Starting from \(\frac{(a-b)^2}b= \frac{a^2}b-2a+b\) and similar equalitites for \((b-c)^2/c\) and \((c-a)^2/a\) we get that the required inequality is equivalent to \begin{eqnarray*} (a+b+c)\left(\frac{(a-b)^2}b+\frac{(b-c)^2}a+\frac{(c-a)^2}b \right)\geq 4(a-b)^2. \quad\quad\quad (12)\end{eqnarray*} By the Cauchy-Schwartz inequality we have that the left-hand side of (12) is greater than or equal to \((|a-b|+|b-c|+|c-a|)^2\). The inequality (12) now follows from \(|b-c|+|c-a|\geq |a-b|\).

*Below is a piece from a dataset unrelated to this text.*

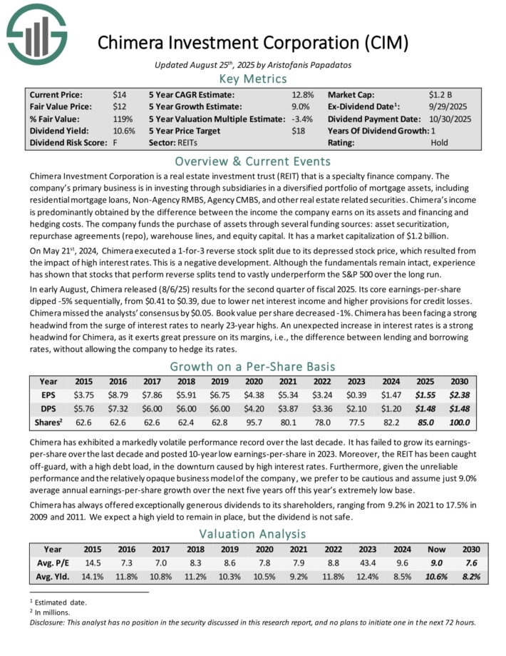 In early August, Chimera released (8/6/25) results for the second quarter of fiscal 2025. Its core earnings-per-share dipped -5% sequentially, from $0.41 to $0.39, due to lower net interest income and higher provisions for credit losses.
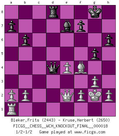 Last move : 1/2-1/2 2019 January 1 14:37:30 [Event "FICGS__CHESS__WCH_KNOCKOUT_FINAL__000018"] [Site "FICGS"] [Date "2018.11.01"] [Round "4"] [White "Bleker,Frits"] [Black "Kruse,Herbert"] [Result "1/2-1/2"] [WhiteElo "2443"] [BlackElo "2650"] 1.d4 Nf6 2.c4 e6 3.Nf3 b6 4.g3 Ba6 5.Qc2 c5 6.d5 exd5 7.cxd5 Bb7 8.Bg2 Nxd5 9.O-O Nc6 10.Rd1 Be7 11.Qa4 Nf6 12.Nh4 O-O 13.Nf5 d5 14.Nc3 Nd4 15.Nxd4 cxd4 16.Rxd4 Bc5 17.Rd1 Qc8 18.Nxd5 Nxd5 19.Bxd5 Bxd5 20.Rxd5 Qe6 21.Qd1 Qf6 22.e3 Rad8 23.Kg2 Rxd5 24.Qxd5 Rd8 25.Qf3 Be7 26.Qe2 h6 27.e4 Qd4 28.Bf4 g5 29.Bc7 Rc8 30.Bf4 Rd8 31.Bc7 Rc8 32.Bf4 Rd8 1/2-1/2 Queen's Indian : Nimzovich variation (exaggerated Fianchetto) Kingside Castling by player White (move 9) Kingside Castling by player Black (move 12) This chess game ended in a draw. Follow this game move after move (download)Without error there can be no brilliancy. (Emanuel Lasker) Der Verteidiger gebe der Gewalt nach, aber nur der Gewalt. Er schaffe sich nicht freiwillig, etwa aus Blindheit oder aus Schrecken, irgendwelche Schwächen. Er lasse sich nicht bluffen. (Emanuel Lasker) El jugador blanco perdió porque fallo en recordar la coreccta continuación y tuvo que pensar por sí mismo las movidas. (Siegbert Tarrasch) Il n'y a pas eu de défaite parce que je ne crois pas que cet ordinateur ait jamais existé. IBM a triché en refusant d'imprimer les modes de recherche de la machine. C'est évident, pendant le match, des coups décisifs ont été joués par des êtres humains. Aujourd'hui, les meilleurs spécialistes en informatique ne peuvent toujours pas expliquer comment Deep-Blue a pu jouer contre la logique des ordinateurs. IBM a gagné une guerre de communication, mais ils sont incapables de prouver que l'ordinateur a gagné tout seul. (Garry Kasparov) At last I discovered the true beauty of chess. So I proposed to her. (Dinesh De Silva)

\[M_r(a_1,\dots, a_n)=e^{\frac1r \log(a_1^rm_1+\cdots + a_n^rm_n)}.\] Using the L’Hopital’s theorem we get \begin{eqnarray*} \lim_{r\rightarrow 0}\frac1r\log(a_1^rm_1+ \cdots + a_n^rm_n)&=&\lim_{r\rightarrow0} \frac{m_1a_1^r\log a_1+ \cdots +m_na_n^r\log a_n}{a_1^rm_1+\cdots+a_n^rm_n}\newline &=& m_1\log a_1+\cdots + m_n\log a_n\newline &=&\log\left(a_1^{m_1}\cdots a_n^{m_n}\right).\end{eqnarray*} The result immediately follows.